The decisive role female voters may play in the key battleground state of New Hampshire hasn't been lost on President Obama and his political allies.
If Democrats sweep the swing state's major races on Election Day, New Hampshire would become the first state to have women hold its entire congressional delegation and the governor's office. Obama would also pick up four potentially crucial electoral votes.
"We have held hundreds of events targeting women voters," said Harrell Kirstein, a spokesman for the Obama campaign in New Hampshire.
These have ranged from "Women's Wednesdays" mixers to visits by fair pay advocate Lilly Ledbetter and Democratic National Committee Chairwoman Debbie Wasserman Schultz. On Wednesday, Cecile Richards, president of the Planned Parenthood Action Fund, visited New Hampshire to kick off a multitown phone-banking effort.
Republican Mitt Romney also has made New Hampshire a focus of his campaign, both in ad spending and on-the-ground appearances. He has an event scheduled on Oct. 30 in Manchester, just a week before the election, and his campaign is focusing on a get-out-the-vote effort.
Romney also has used New Hampshire Republican Sen. Kelly Ayotte as a prolific surrogate for Romney in the state. Ayotte, who at one point was discussed as a potential running mate for Romney, helped the GOP do well with women locally in 2010, when she was easily elected to the Senate.
"This is an important state. It's an important state in large part because of the state Legislature," Richards said.
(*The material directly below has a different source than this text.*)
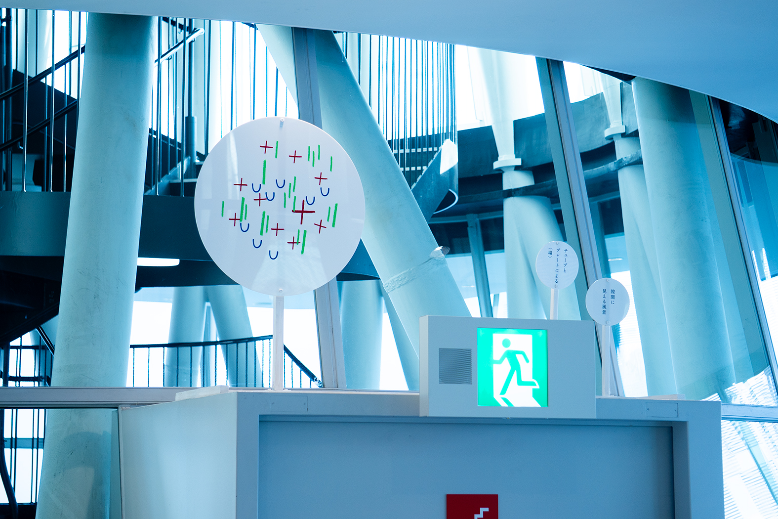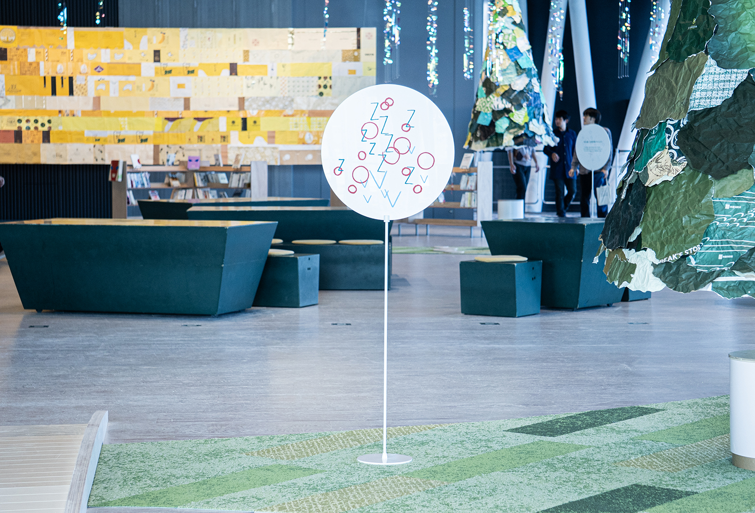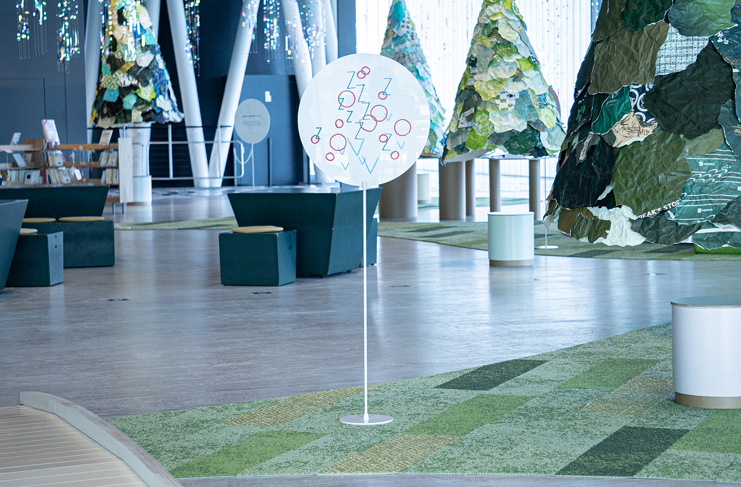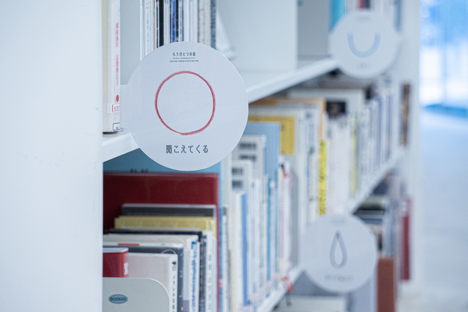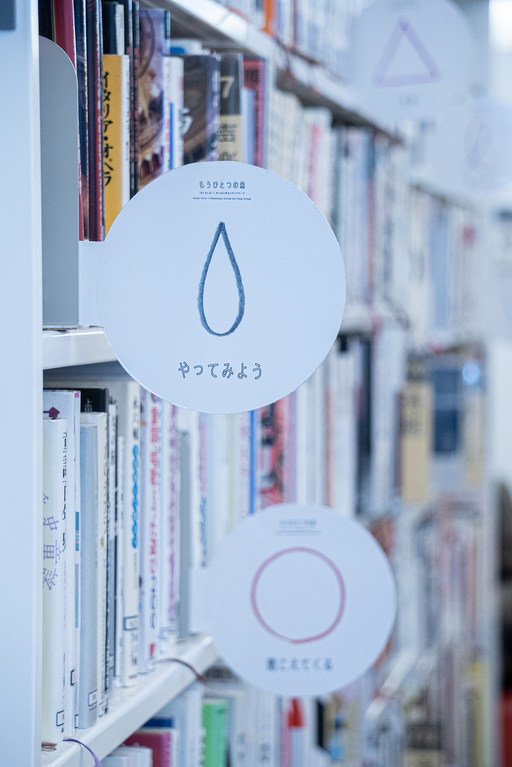 今回、6階の展示室だけでなく、地下から7階まで、メディアテークの各場所にキービジュアルのエレメントのオブジェサインが点在しています。3階図書館にも限定書棚にオブジェクトがサインとして配置されています。

It's no coincidence Richards makes that argument. During a rally in Manchester last week, Obama went so far as to suggest state politics might have a coattail effect — up ticket.
"You've got a state Legislature up here that sometimes acts like it knows better than women when it comes to women's own health care decisions," Obama said. "Well, my opponent's got the same approach."
In 2010, Republicans swept to 3 to 1 majorities in Concord. While members of the GOP stressed fiscal issues on the campaign trail, abortion and women's health care issues became flash points once they took office.
Republicans moved to block a state contract with Planned Parenthood and pushed bills to limit abortion. They also tried to undo a 12-year-old law requiring insurers to include contraception coverage in all prescription drug plans.
All of these controversies tend to get mentioned in the stump speeches of Democratic gubernatorial candidate Maggie Hassan.
"What's important to understand is that we respect women, their ability to make their own decisions, and that's why we stay focused on the fact that this is just not a place where government should interfere," Hassan said.
The GOP nominee for governor, Ovide Lamontagne, supported a Human Life Amendment, which would give constitutional protections to fetuses, when he ran for U.S. Senate two years ago. For him, restricting abortion has been a longtime goal, but it wouldn't, he insists, be a top priority if he wins the corner office.
"I am not running to advance that agenda; I am running on a jobs and economy agenda," he said.
Even so, the most recent University of New Hampshire Survey Center poll showed big gender-gap edges for Democrats. Obama had a 23-point edge over Romney among female voters; Hassan led Lamontagne by 18 points with women.
Lamontagne's newest radio ad suggests he hopes to reduce that gap. It features Ayotte, the most prominent Republican woman in elective office in the state, who opposes legal abortion in most instances. The ad focuses on taxes, but it's called, tellingly perhaps, "One of Us."
New Hampshire's other U.S. senator is Democrat Jeanne Shaheen. In the state's House races, Republican Rep. Frank Guinta faces Democrat and former Rep. Carol Shea-Porter; and Republican Rep. Charles Bass faces Democrat Ann McLane Kuster.